→ **What to work on**: Before printing, remove every picture; then print the lines below exactly, from the first line through the line containing "聚焦司法为民,守护群众美好生".

→ **Raw data**:
[Start of Attachment]
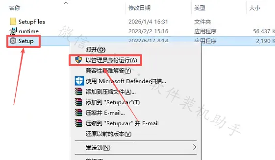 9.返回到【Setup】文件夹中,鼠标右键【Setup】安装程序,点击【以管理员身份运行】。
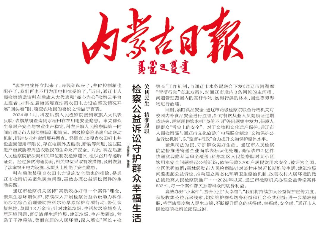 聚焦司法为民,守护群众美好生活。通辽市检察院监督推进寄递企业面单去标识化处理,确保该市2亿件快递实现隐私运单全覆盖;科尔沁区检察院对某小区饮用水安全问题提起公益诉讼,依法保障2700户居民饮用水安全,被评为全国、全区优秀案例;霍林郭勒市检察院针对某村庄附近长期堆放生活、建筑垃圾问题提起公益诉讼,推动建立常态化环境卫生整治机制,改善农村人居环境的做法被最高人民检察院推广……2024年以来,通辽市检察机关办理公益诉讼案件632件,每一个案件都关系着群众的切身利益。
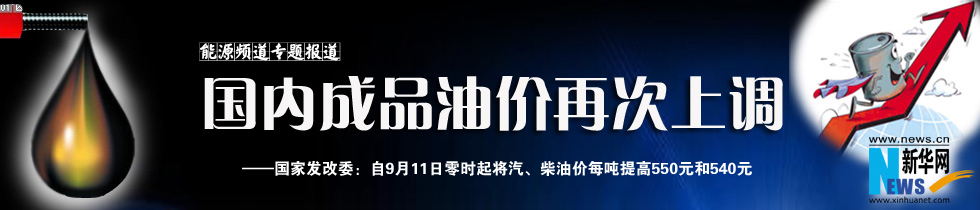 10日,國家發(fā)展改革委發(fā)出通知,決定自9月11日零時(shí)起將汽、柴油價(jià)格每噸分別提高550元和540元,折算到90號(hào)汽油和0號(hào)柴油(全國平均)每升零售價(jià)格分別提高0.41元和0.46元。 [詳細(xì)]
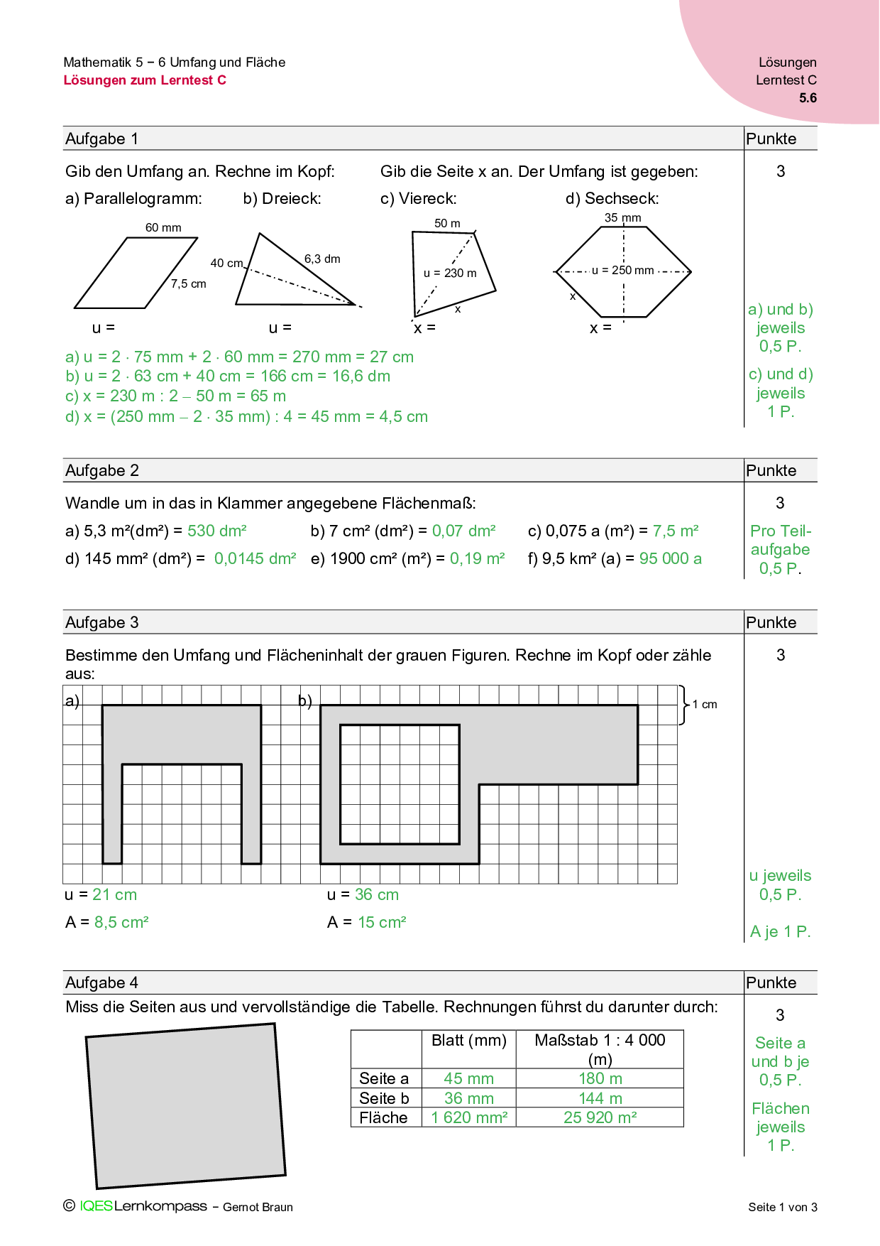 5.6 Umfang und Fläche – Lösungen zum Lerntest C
[End of Attachment]
→ **Completed task**:
 9.返回到【Setup】文件夹中,鼠标右键【Setup】安装程序,点击【以管理员身份运行】。
 聚焦司法为民,守护群众美好生活。通辽市检察院监督推进寄递企业面单去标识化处理,确保该市2亿件快递实现隐私运单全覆盖;科尔沁区检察院对某小区饮用水安全问题提起公益诉讼,依法保障2700户居民饮用水安全,被评为全国、全区优秀案例;霍林郭勒市检察院针对某村庄附近长期堆放生活、建筑垃圾问题提起公益诉讼,推动建立常态化环境卫生整治机制,改善农村人居环境的做法被最高人民检察院推广……2024年以来,通辽市检察机关办理公益诉讼案件632件,每一个案件都关系着群众的切身利益。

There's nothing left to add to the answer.